A2SDi-8C-HLN4F has IQAT enabled by default, when this device is
attempted to be used by xfs (through dm-crypt) the entire kernel
thread stalls forever. Multiple users have hit this over the years
(through sporadic reporting) - I ended up trying ZFS and encryption
wasn't an issue there at all because I guess they don't use this
device. Returning to sanity (xfs), I was able to provision a dm-crypt
volume no problem on the disk, however when running mkfs.xfs on the
volume is what triggers the cascading failure (each request kills a
kthread). Disabling IQAT on the south bridge results in a working
system, however this is not the default configuration for the
distribution of choice (Ubuntu 20.04.3 LTS), nor the motherboard. I'm
convinced this never worked properly based on the lack of popularity
for kernel encryption (crypto), and the embedded nature that
SuperMicro has integrated this device in collaboration with intel as
it looks like the primary usage is through external accelerator cards.

Kernels tried were from RHEL8 over a year ago, and this impacts the
entirety of the 5.4 series on Ubuntu.
Please CC me on replies as I'm not subscribed to all lists. CPU is C3758.

363.495058] INFO: task kworker/u16:0:8 blocked for more than 120 seconds.
[ 363.495114] Tainted: P O 5.4.0-100-generic #113-Ubuntu
[ 363.495155] "echo 0 > /proc/sys/kernel/hung_task_timeout_secs"
disables this message.
[ 363.495201] kworker/u16:0 D 0 8 2 0x80004000
[ 363.495213] Workqueue: kcryptd/253:0 kcryptd_crypt [dm_crypt]
[ 363.495214] Call Trace:
[ 363.495223] __schedule+0x2e3/0x740
[ 363.495226] schedule+0x42/0xb0
[ 363.495228] schedule_timeout+0x10e/0x160
[ 363.495232] ? skcipher_encrypt_ablkcipher+0x61/0x70
[ 363.495233] ? crypto_skcipher_encrypt+0x48/0x60
[ 363.495236] wait_for_completion+0xb1/0x120
[ 363.495239] ? wake_up_q+0x70/0x70
[ 363.495242] crypt_convert+0x144/0x1f0 [dm_crypt]
[ 363.495245] kcryptd_crypt+0x2b9/0x3b0 [dm_crypt]

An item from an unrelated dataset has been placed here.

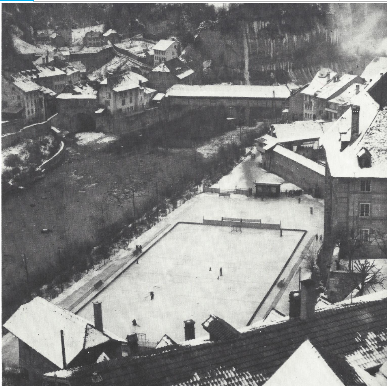
La nouvelle patinoire artificielle

S'en suivirent plusieurs décennies en ligue nationale B, mais le club changea de nom en 1967 pour devenir le HC Fribourg. L'infrastructure fut peu à peu agrandie, avec des bandes et des tribunes plus grandes. En 1970, des vestiaires furent construits. En 1973, la patinoire fut recouverte d'une bâche afin de pouvoir jouer indépendamment des conditions météorologiques.

[ 363.495249] process_one_work+0x1eb/0x3b0
[ 363.495251] worker_thread+0x4d/0x400
[ 363.495254] kthread+0x104/0x140
[ 363.495256] ? process_one_work+0x3b0/0x3b0
[ 363.495257] ? kthread_park+0x90/0x90
[ 363.495260] ret_from_fork+0x1f/0x40
[ 363.495274] INFO: task kworker/u16:1:123 blocked for more than 120 seconds.

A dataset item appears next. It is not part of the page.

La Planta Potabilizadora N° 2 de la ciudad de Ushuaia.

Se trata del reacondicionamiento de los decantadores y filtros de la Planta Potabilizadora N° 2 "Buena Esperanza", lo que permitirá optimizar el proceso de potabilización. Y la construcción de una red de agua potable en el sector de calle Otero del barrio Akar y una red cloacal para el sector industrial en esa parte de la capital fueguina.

[ 363.495317] Tainted: P O 5.4.0-100-generic #113-Ubuntu
[ 363.495364] "echo 0 > /proc/sys/kernel/hung_task_timeout_secs"
disables this message.
[ 363.495410] kworker/u16:1 D 0 123 2 0x80004000
[ 363.495415] Workqueue: kcryptd/253:0 kcryptd_crypt [dm_crypt]
[ 363.495416] Call Trace:
[ 363.495419] __schedule+0x2e3/0x740
[ 363.495422] schedule+0x42/0xb0
[ 363.495424] schedule_timeout+0x10e/0x160
[ 363.495426] ? skcipher_encrypt_ablkcipher+0x61/0x70
[ 363.495427] ? crypto_skcipher_encrypt+0x48/0x60
[ 363.495430] wait_for_completion+0xb1/0x120
[ 363.495431] ? wake_up_q+0x70/0x70
[ 363.495434] crypt_convert+0x144/0x1f0 [dm_crypt]
[ 363.495437] kcryptd_crypt+0x2b9/0x3b0 [dm_crypt]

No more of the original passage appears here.